DE-miRs were analyzed using previously reported methods (30, 35). Four sets of miRNA expression profile were synthesized by Venn diagram analysis (Figures 1A–C). The Venn diagrams showed there were the most overlapped DE-miRs (67) between Pietrain and Landrace pigs in the early stage of PRRSV infection (9 hpi). There were the most overlapped DE-miRs (8 and 20) between Pietrain and Meishan pigs at 36 and 60 hpi. Among them, only mir-331-3p was significantly differentially expressed in each set of miRNA expression profile at 36 hpi (Figure 1B), and mir-331-3p was also one of 4 common DE-miRs between PRRSV infected and mock-infected PAMs of Meishan, Pietrain, and Landrace pigs at 60 hpi (Figure 1C). In addition, mir-210 was one of 7 common DE-miRs between PRRSV infected and mock-infected PAMs of Meishan, Pietrain, and Qingping pigs at 60 hpi. Mir-331-3p and mir-210 were both the common DE-miRs between PRRSV infected and mock-infected PAMs of Pietrain and Landrace pigs at 9 hpi (Figures 1D–I). These results implied that mir-331-3p and mir-210 might contribute to specific responses to PRRSV infection.

FIGURE 1

Figure 1. DE-miRs in PRRSV-infected/mock-infected PAMs from 4 pig breeds. Venn diagrams of DE-miRs between PRRSV-infected and mock-infected PAMs of Pietrain (P), Landrace (L), Qingping (QP), and Meishan (MS) pigs at 9, 36, and 60 hpi (A–C). Mir-331-3p expression levels were analyzed in miRNA-sequencing data of PRRSV-infected/mock-infected PAMs from 4 breeds of pigs at 9, 36, and 60 hpi (D–F). Mir-210 expression levels were analyzed in miRNA-sequencing data of PRRSV-infected/mock-infected PAMs from 4 breeds of pigs at 9, 36, and 60 hpi (G–I). All values represent the mean ± s.d. of three independent experiments. **p < 0.01.

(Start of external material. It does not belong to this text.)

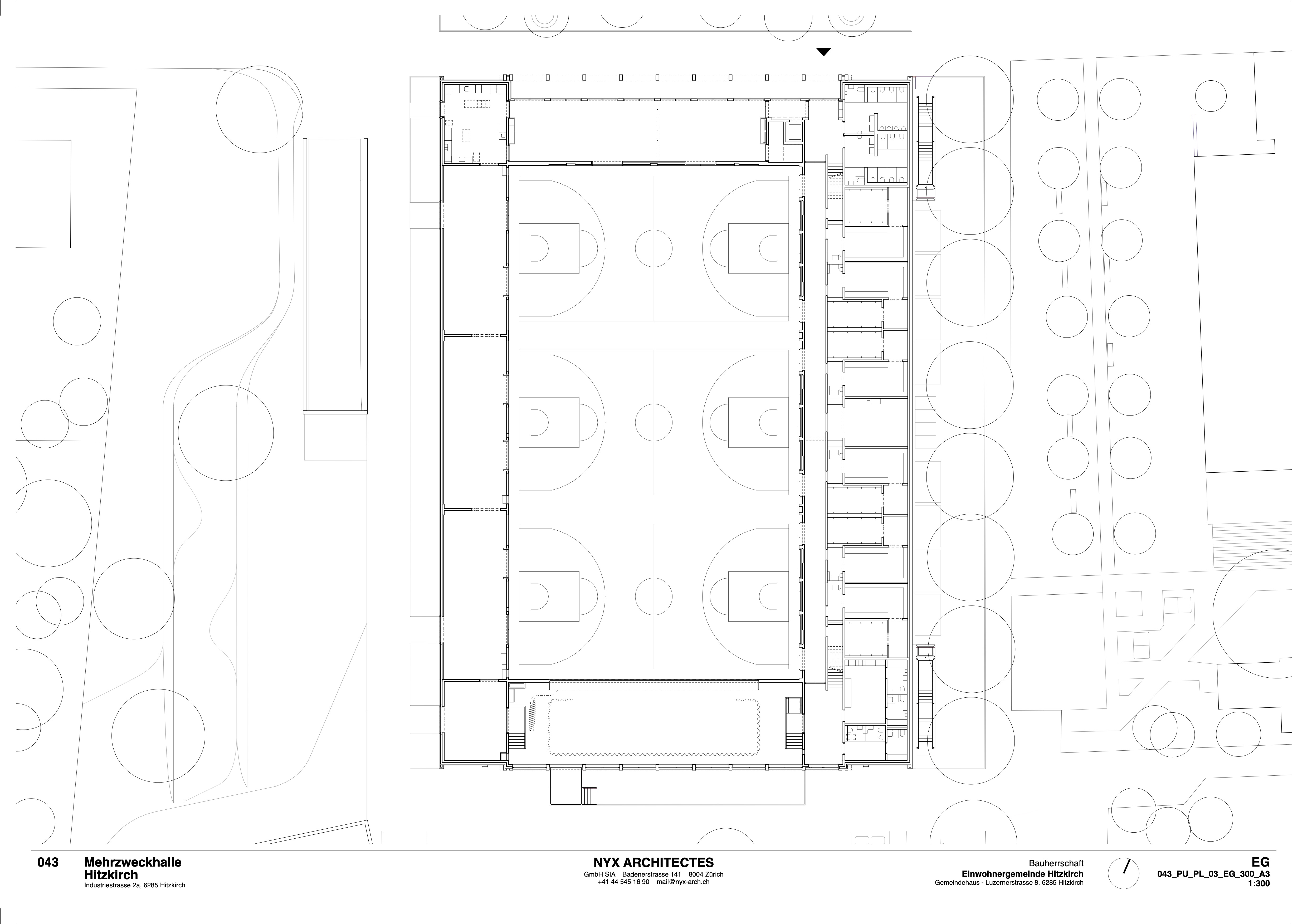 Der Neubau der Dreifach- und Mehrzweckhalle ergänzt das historisch gewachsene Schulareal von Hitzkirch. Die Platzierung entlang des Schulwegs stärkt die bestehende Nord-Süd-Achse, integriert die Grossform sensibel in das heterogene Umfeld aus Wohnbauten, Friedhof und Industriearchitektur und schafft klare, durchlässige Aussenräume.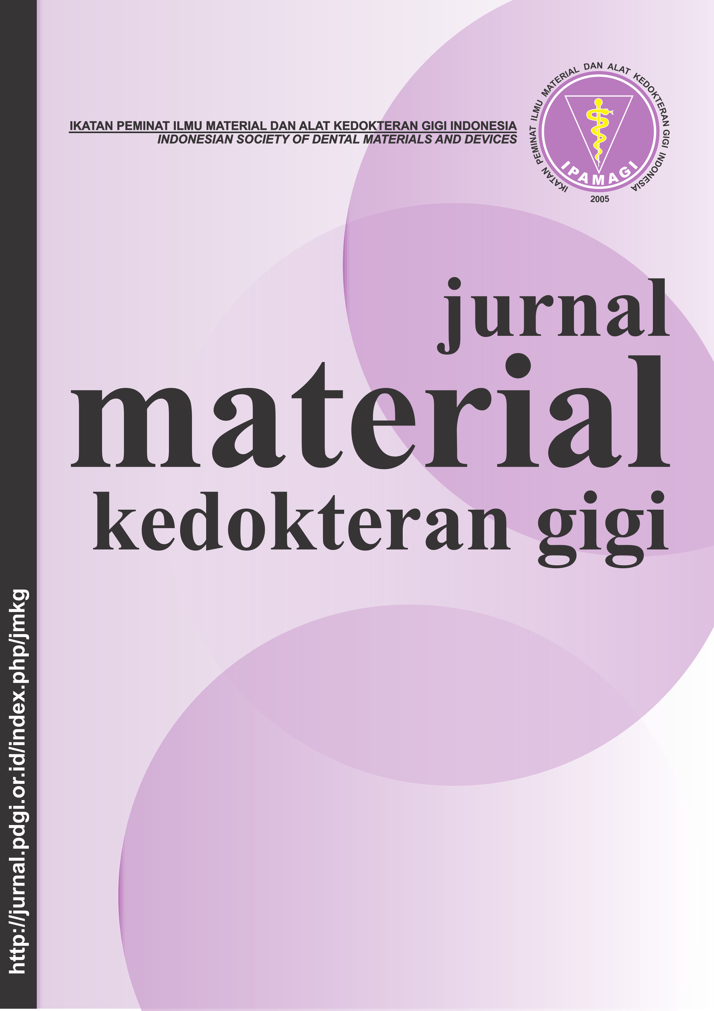 Jurnal Material Kedokteran Gigi (JMKG) Diterbitkan setiap Bulan Maret dan September oleh Ikatan Peminat Ilmu Material dan Alat Kedokteran Gigi Indonesia (IPAMAGI) sebagai media publikasi...

Mir-331-3p and Mir-210 Directly Targeted PRRSV-2 ORF1b

The RNAhybrid and ViTa softwares were used to predict the target sites of mir-331-3p and mir-210 in PRRSV genome. The results indicated that mir-331-3p and mir-210 could target in 9,850 to 9,856 and 9,953 to 9,961 bp of PRRSV-2 ORF1b through seed pairing, respectively (Figure 2A). We aligned the target sequences in 15 representative PRRSV strains and found that mir-331-3p and mir-210 could target the ORF1b of PRRSV-2 strains (Supplementary Figure 1) and not target PRRSV type 1 strains. Further, luciferase reporter analysis was used to verify the binding of mir-331-3p and ORF1b. The ORF1b-331-WT luciferase reporter plasmid was co-transfected with mir-331-3p mimics or negative control (NC) into Marc-145 cells, and luciferase activity was found to be significantly suppressed by mir-331-3p mimics (p = 0.011). However, mir-331-3p had no effect on ORF1b-331-MUT luciferase reporter plasmid (Figure 2B). Similar results were obtained when ORF1b-331-WT (p = 0.019) or ORF1b-331-MUT (p = 0.29) was co-transfected with mir-331-3p inhibitors into Marc-145 cells (Figure 2C). In addition, the luciferase activity of ORF1b-210-WT transfected with mir-210 mimics was significantly lower than that transfected with NC mimics (p = 0.04) (Figure 2D). Mir-210 inhibitor significantly promoted the luciferase activity of ORF1b-210-WT (p = 0.003), but not that of ORF1b-210-MUT (p = 0.98) (Figure 2E). The qRT-PCR assay showed that mir-210 (p = 0.014, p = 0.03, Figure 2F) and mir-331-3p (p = 0.03, p = 0.05, Figure 2G) could significantly inhibit the expression of ORF1b. Thus, it could be concluded that mir-331-3p and mir-210 could directly target the PRRSV-2 genome.

FIGURE 2

Figure 2. Mir-331-3p and mir-210 inhibit PRRSV-2 replication. Bioinformatical predication showed that ORF1b was a putative target gene of mir-331-3p and mir-210 (A). The dual luciferase reporter assay was verify the bind of mir-331-3p and ORF1b in cells co-transfected with ORF1b-331-WT/ORF1b-331-MUT and mir-331-3p mimics (B) or mir-331-3p inhibitor (C). The dual luciferase reporter assay was used to verify the bind of mir-210 and ORF1b in cells co-transfected with ORF1b-210-WT/ORF1b-210-MUT and mir-210 mimics (D) or mir-210 inhibitor (E). ORF1b expression was quantitatively analyzed in Marc-145 cells infected with PRRSV-2 after transfection with mimics/inhibitor of mir-331-3p (F) or mir-210 (G). Marc-145 cells were transfected separately with mir-331-3p mimics and mir-331-3p inhibitor, and then infected with PRRSV-2 (MOI = 0.1). The cells were harvested at 36 h post PRRSV-2 infection, and qRT-PCR (H,J), and western blot (I,K) was carried out to detect PRRSV-2 replication. Meanwhile, Marc-145 cells were transfected separately with mir-210 mimics and mir-210 inhibitor, and then infected with PRRSV-2 (MOI = 0.1). The cells were harvested at 36 h post PRRSV-2 infection, and qRT-PCR (L,N) and western blot (M,O) was carried out to detect PRRSV-2 replication. All values represent the mean ± s.d. of three independent experiments.*p < 0.05, **p < 0.01.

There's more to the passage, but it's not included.